ドメーヌ・ボーンは、アルザス地方ライヒスフェルト村の家族経営生産者。この村では12世紀にアンドロー伯爵が植樹し、その後ボームガルテン修道院のシトー会修道士が畑を発展させたという古い歴史を持つ。ボーン家自体もライヒスフェルトでほぼ3世紀にわたりブドウ栽培を営んできた。ベルナール・ボーンは1982年、わずか18歳で家業を継ぎ、現在は息子アルチュールとともにライヒスフェルトと隣村ベルナールヴィレにまたがる約9haを栽培している。ドメーヌの核となるのは「シエーファーベルグ」と呼ばれる急斜面の畑で、先カンブリア紀の青色片岩(シスト)が露出する、アルザスで唯一の地質。ここに植えられたリースリングとピノ・グリは際立ったミネラル感と緊張感を持ち、対する谷向かいのベルナールヴィレの砂岩土壌ではシルヴァネール、ミュスカ、ゲヴュルツトラミネール、ピノ・ノワールを栽培する。
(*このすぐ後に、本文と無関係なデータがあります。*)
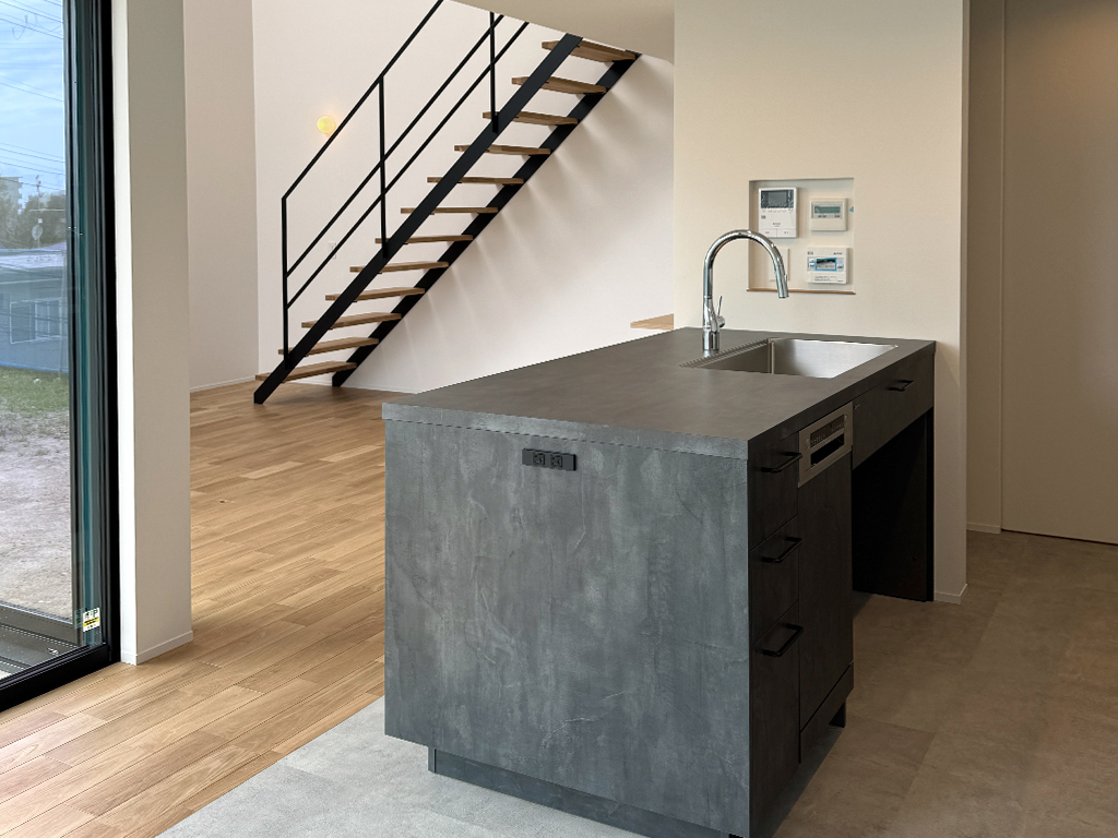 グラフテクト製のモダンな仕上がりのキッチンや、おしゃれなオリジナル造作洗面台など、暮らしを豊かにする工夫が満載です!
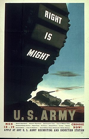 Right is Might - U.S. Army Issued: 1942 Measures: 25x38 Artist: Stu Graves Our section: Recruitment - Men - Army GIN: 17-0655 ARC: 513541

畑は2017年から有機転換を開始し、2020年ヴィンテージから有機認証を取得。さらに福岡正信の自然農法に着想を得た手法(不耕起・恒常的な緑肥・化学資材の不使用)を実践している。醸造ではベルナールとアルチュールが年間約33種のキュヴェを生産し、天然酵母発酵・古樽熟成・亜硫酸最小限の「クラシックなアルザス」シリーズと、無濾過・亜硫酸無添加のより急進的な自然派シリーズの2系統に分かれる。後者はもともと「Par Nature(自然のままに)」と名乗ろうとしたところAOCから待ったがかかり、「アルチュール」と「ナチュール」を掛け合わせた「Par Nathur」という造語に落ち着いた経緯がある。看板であるシエーファーベルグのキュヴェは、リリース前にセラーで6年以上寝かせられる。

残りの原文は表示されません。